Tuesday, July 10, 2012

Ancient Map Of “America” Found In Germany

Lee Rannals for redOrbit.com – Your Universe Online

In time for Fourth of July festivities, Librarians at a German university announced on

Tuesday that they have found a 500-year-old version of a world map that was the first to

have mentioned “America.”

The librarians were unaware of the map’s presence until they found it stashed away inside

an unrelated 16th century Geometry book.

The map doesn’t quite pre-date the 1507 map that Germany officially handed over to the

U.S. back in 2007, which now lies in the Library of Congress in Washington.

The newly discovered map is believed to have been drawn up by German cartographer Martin

Waldseemueller, who died back in 1522, according to the Ludwig Maximilian University of

Munich said.

The new map shows the world divided into twelve segments, which taper to a point at each

end and are printed on a single sheet. When the map is folded out, it can form a small

globe, with three rightmost segments depicting a boomerang-shaped territory named America.

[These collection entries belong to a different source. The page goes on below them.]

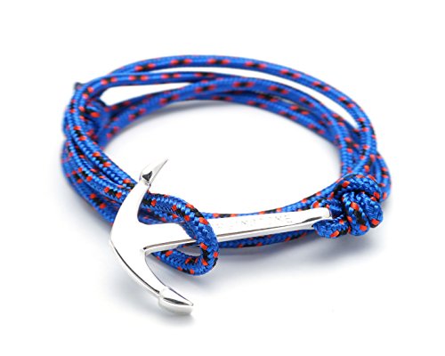 VIRGINSTONE Silver Anchor Bracelets on Colorful Nylon Ropes
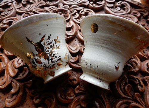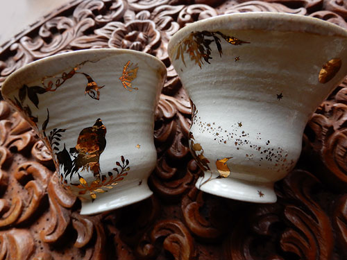 カップ内側にペルシャの技法であるラスター硝子を施しています。
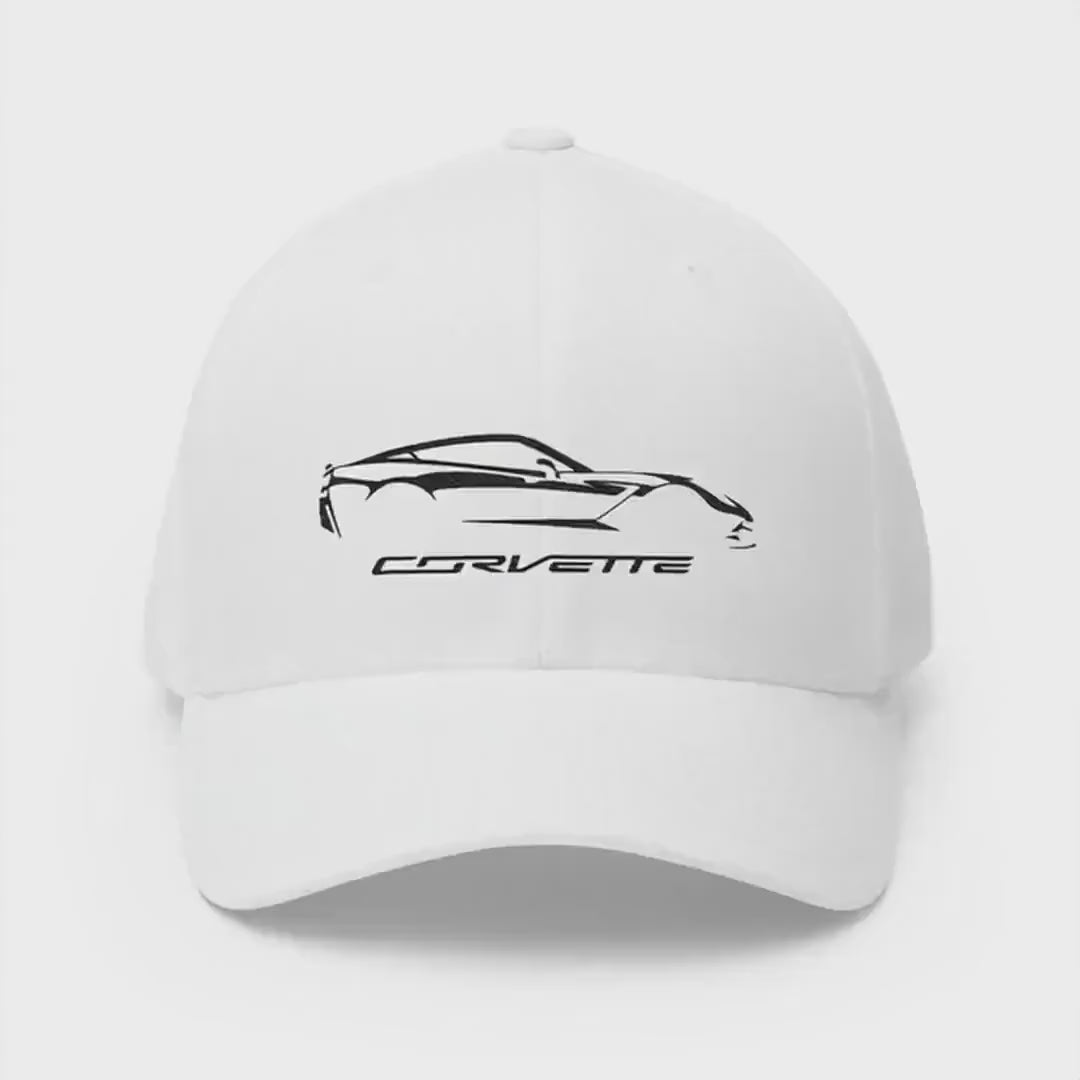 Corvette C7 Custom Silhouette Baseball Cap, Flexfit Hat, Stretchy Band, Black Hat, Corvette Gear, Embroidery
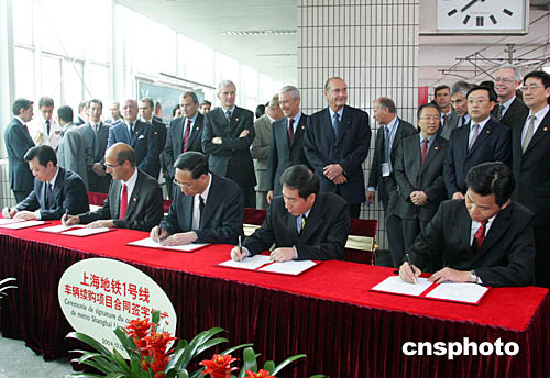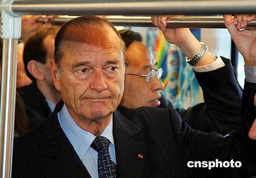 十月十二日,法國總統(tǒng)希拉克參觀、乘坐上海軌道交通三號線,并見證“上海地鐵一號線車輛續(xù)購項(xiàng)目合同簽字儀式”。上海申通集團(tuán)有限公司將購置一百二十八輛中法合作生產(chǎn)的地鐵車輛,二十二個(gè)月后這些車輛將陸續(xù)投入營運(yùn)。作者:潘索菲

The university said in a written statement that only four copies of the segmental maps were

previously known about.  One of the four was sold at an auction for one million dollars

back in 2005.

According to the university, the fifth map was found by a bibliographer, who was revising

the catalogue “in an otherwise unremarkable volume that had been rebound in the 19th

century.”

“Even in our digital age the originals have lost none of their significance and unique

fascination,” Klaus-Rainer Brintzinger, the head of the library, said in the statement. “

We intend to make the map accessible to the public in digital form in time for the Fourth

of July, Independence Day in the USA.”

Waldseemueller helped create the name “America” in honor of explorer Amerigo Vespucci,

who he mistakenly believed discovered the New World.

Sven Kuttner, head of the library’s old books department, said the map was a “sleeping

beauty” in the university’s collection until its recent unearthing.